ECLI:NL:RBROT:2025:680

Rechtbank Rotterdam

Datum uitspraak
21 januari 2025
Publicatiedatum
21 januari 2025
Zaaknummer
C/10/691414 / KG ZA 24-1220
Instantie
Rechtbank Rotterdam
Type
Uitspraak
Procedures
  • Kort geding
Rechters
Vindplaatsen
  • Rechtspraak.nl
AI samenvatting door LexboostAutomatisch gegenereerd

Vordering tot ontslag uit hoofdelijke aansprakelijkheid na ontbinding geregistreerd partnerschap

In deze zaak, die voor de Rechtbank Rotterdam is behandeld, vordert de vrouw dat de man haar ontslaat uit de hoofdelijke aansprakelijkheid voor de hypothecaire lening van de woning die op naam van de man staat. De partijen hebben een geregistreerd partnerschap gehad dat op 16 mei 2024 is ontbonden, waarbij de rechtbank heeft bepaald dat de hoofdverblijfplaats van de kinderen bij de vrouw zal zijn.

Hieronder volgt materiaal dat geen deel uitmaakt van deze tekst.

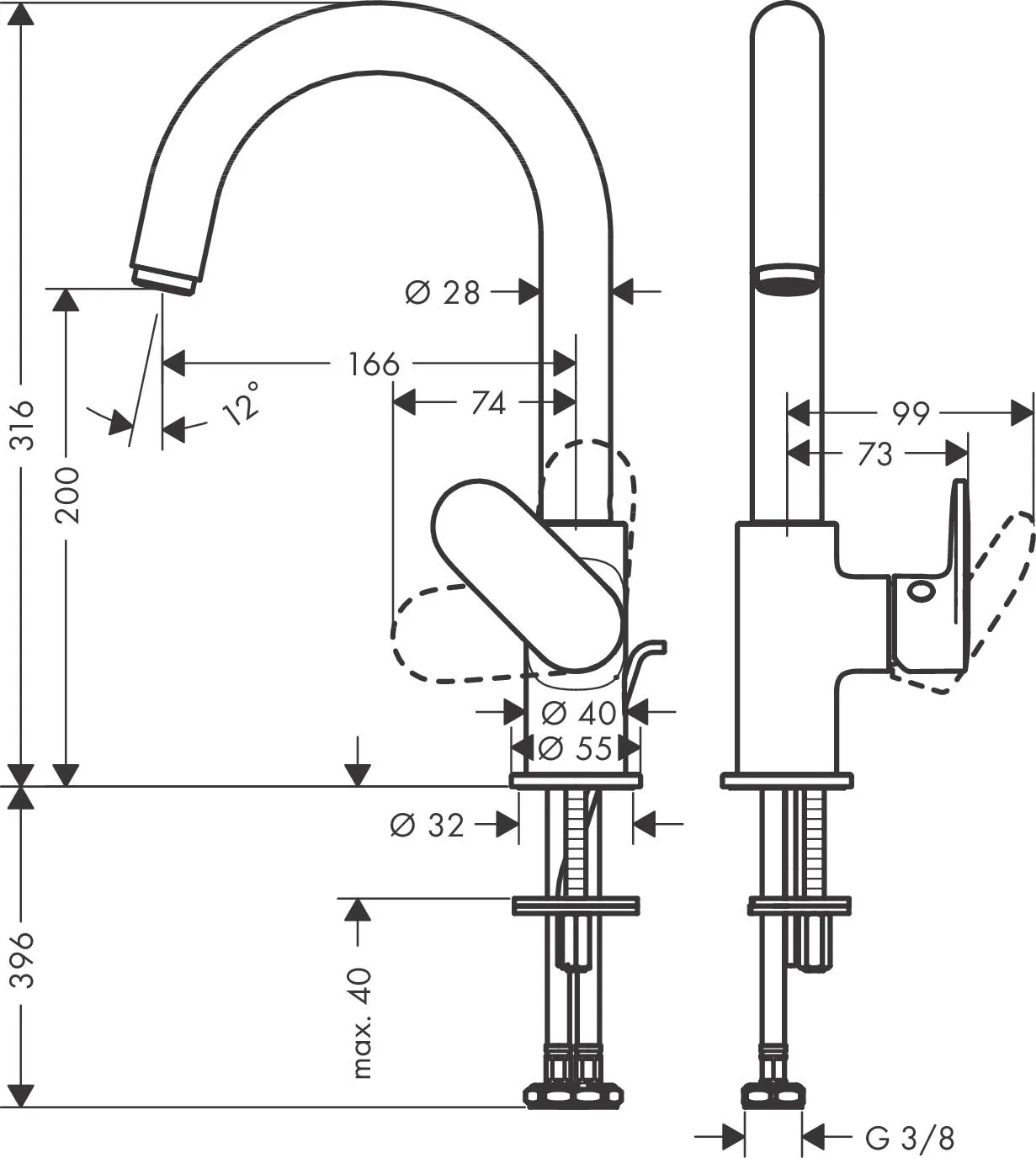 | Дополнительные функции | регулировка угла поворота излива на 2 уровня на 120° или 360° |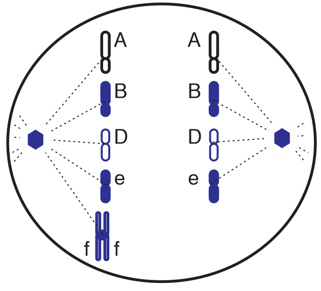 Quá trình giảm phân ở một tế bào lưỡng bội được ghi nhận như hình 5. Các kí hiệu A, B, D, e, f là các gene trên nhiễm sắc thể. Hình 5 Kết thúc quá trình phân bào này thì các tế bào con đều hình thành giao tử. Nếu một giao tử mang đột biến thừa nhiễm sắc thể này kết hợp với 1 giao tử bình thường khác thì sẽ hình thành hợp tử có bao nhiêu nhiễm sắc thể?

De vrouw heeft de woning verlaten en woont nu in een huurwoning met haar kinderen. De man heeft echter niet voldoende inspanningen geleverd om de vrouw uit de hoofdelijke aansprakelijkheid te laten ontslaan, ondanks dat hij in de woning blijft wonen met zijn nieuwe vriendin. De voorzieningenrechter oordeelt dat het spoedeisend belang van de vrouw bij haar vordering voldoende is aangetoond, en dat de man verplicht is om de vrouw uit de hoofdelijke aansprakelijkheid te laten ontslaan. De man wordt veroordeeld om dit binnen zes weken na betekening van het vonnis te doen, met een dwangsom van € 250,- per dag bij niet-nakoming, tot een maximum van € 150.000,-. De proceskosten worden gecompenseerd, zodat iedere partij de eigen kosten draagt.

Uitspraak

vonnis

RECHTBANK ROTTERDAM

Team handel en haven
zaaknummer / rolnummer: C/10/691414 / KG ZA 24-1220
Vonnis in kort geding van 21 januari 2025
in de zaak van
[naam vrouw],
wonende te [woonplaats] ,
eiseres,
advocaat mr. S.A. Ray te Rotterdam,
tegen
[naam man],
wonende te [woonplaats] ,
gedaagde,
advocaat mr. J.D. Bakker te Den Haag.
Partijen worden hierna de vrouw en de man genoemd.

1.De procedure

1.1.
Het verloop van de procedure blijkt uit:
  • de dagvaarding van 24 december 2024, met 6 producties;
  • de mondelinge behandeling op 7 januari 2025.

2.De feiten

2.1.
Partijen zijn op 8 augustus 2011 een geregistreerd partnerschap aangegaan. Zij hebben samen vier (nog minderjarige) kinderen, waarover zij gezamenlijk het ouderlijk gezag hebben.
2.2.
Tijdens het geregistreerd partnerschap woonden partijen samen in de woning gelegen aan de [adres] te [plaats] (hierna: de woning). De woning is in eigendom van de man. Op de woning rust een hypotheek, die op naam staat van beide partijen.
2.3.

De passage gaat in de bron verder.